RRF’s production process is deliberately simple. Tomatoes are sliced by hand, dried in open spaces under the sun for four to six days depending on sunlight intensity and then ground using basic household-type machines.

The initiative received support after the devastating floods of 2022, which destroyed crops and livelihoods across southern Sindh.

Mahdi Hassan, a livelihood officer at the Sindh Rural Support Organization (SRSO), said RRF was backed through post-flood recovery programs implemented with Germany’s Malteser International.
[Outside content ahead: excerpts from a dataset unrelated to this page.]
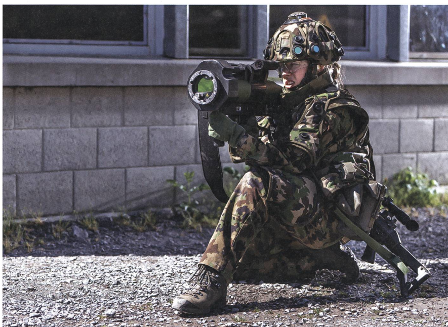
Mit neuen Simulatoren kann der Kampf mit den neuen schultergestützten Mehrzweckwaffen trainiert werden.

Mit dem Rüstungsprogramm 2016 wurden schultergestützte Mehrzweckwaffen in drei Ausführungen beschafft. Sie erlauben es, den Gegner auf kurze und mittlere Distanz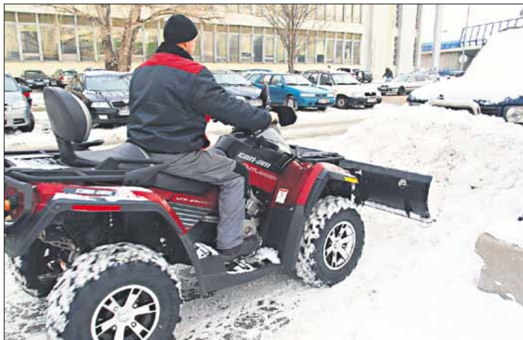
Zrejme najmodernejšie odhrňacie vozidlo v Bratislave - terénna štvorkolka s radlicou.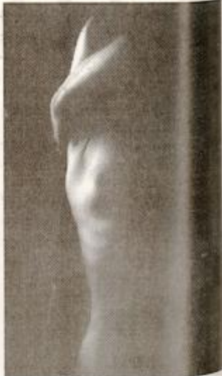
Ena od razstavljenih fotografij S. Zebca

Razstava aktov je Zebčeva prva samostojna razstava. Gre za serijo črno-belih fotografij, ki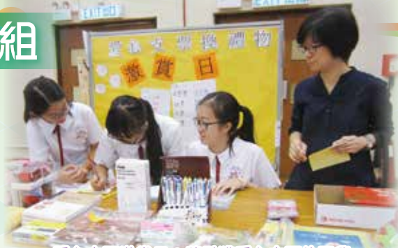
愛心支票激賞日：獎勵獲愛心支票的同學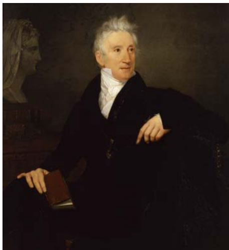
Ludovico Lipparini, Ritratto di Leopoldo Cicognara, Venezia, Gallerie dell'Accademia.

responsabile Gabinetto dei disegni e delle stampe del Museo Correr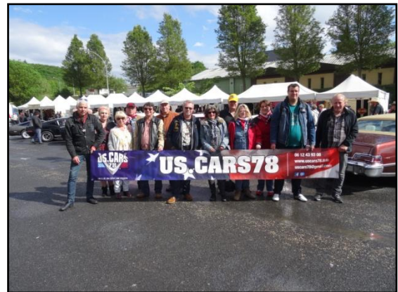
La banderole flotte sur la Normandie

Ainsi, nous quittons les lieux et rejoignons Saint Valéry en Caux où nous décidons de nous y arrêter afin d'y faire une pause. Nous trouvons l'endroit idéal en bout de jetée pour garer nos montures. Face à la mer, nous sortons chaises et table afin d'apprécier ce court moment de détente.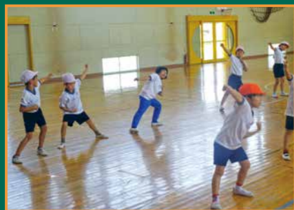
▲準備体操でやっぺえ体操を踊る児童

昨年末、放送局より放映決定の連絡が入り、そのことを全校児童に伝えると歓声があがりました。放映が待ち遠しくてたまりません。冬休みも児童は、保健環境委員会の呼び掛けでダンスによる体力づくりを行っています。先日は、やっぺえが「こじゅうろうキッズランド」に来場したと聞きました。みなさんも大鷹沢小学校の児童たちと「やっぺえ体操」を踊ってみませんか?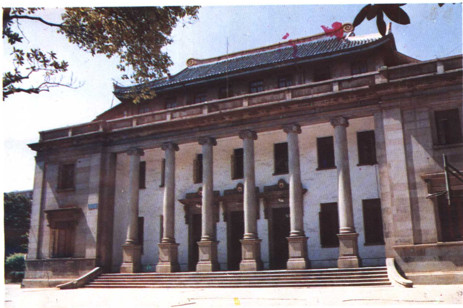
50年代湖南省人民政府(礼堂)旧址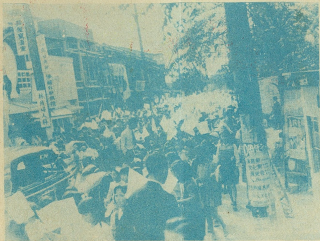
日の丸の旗々…………… ——学童の旗行列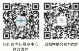
四川省国际展览中心 官方微信 成都智博会官方微信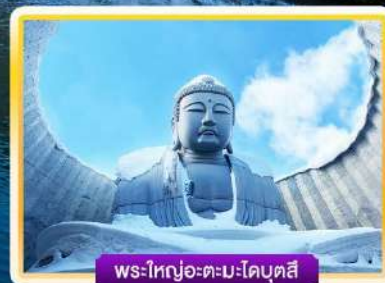
พระใหญ่อะตะมะโคบุตสึ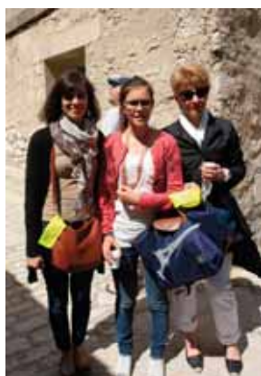
Merci de votre aide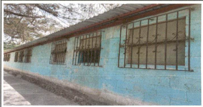
Foto 8: Las ventanas de la parte de atrás de prepa, 1ro., 6to. están deterioradas por tener mas de 55 años den antigüedad, necesitan sustituirse por ventanas de PVC corredizas.

“After the floods of 2022, there was a lot of destruction in Jhuddo because of which people’s livelihoods were greatly affected,” he said, adding that SRSO had supported around 24 similar initiatives in the area, mostly led by women, with about Rs30 million ($107,000) in funding.

Beyond livelihoods, RRF is also trying to reduce Pakistan’s reliance on imported food products.

“No company is producing this dried-tomato powder in Pakistan yet,” said Ahsan Khan, the company’s technical supervisor.

“What is available in the market is being imported ... We are trying to manufacture this dried tomato powder locally and give competitive rates to our buyers.”

During peak seasons, RRF sells up to four tons of tomato powder per month. Munawar said she expects that volume to rise, noting that entry into Karachi’s large food market could significantly boost revenues from last year’s Rs650,000 ($2,319).

“Last year we were in collaboration with Al-Noor Foods while now we have sent requests [business proposals] to National Foods and Shan Foods, who will become our customers after approving those requests,” she said.
RRF has also sent proposals to international brands such as McDonald’s.

“We would be targeting to double, triple our revenues this year if we get approvals from these brands,” she added.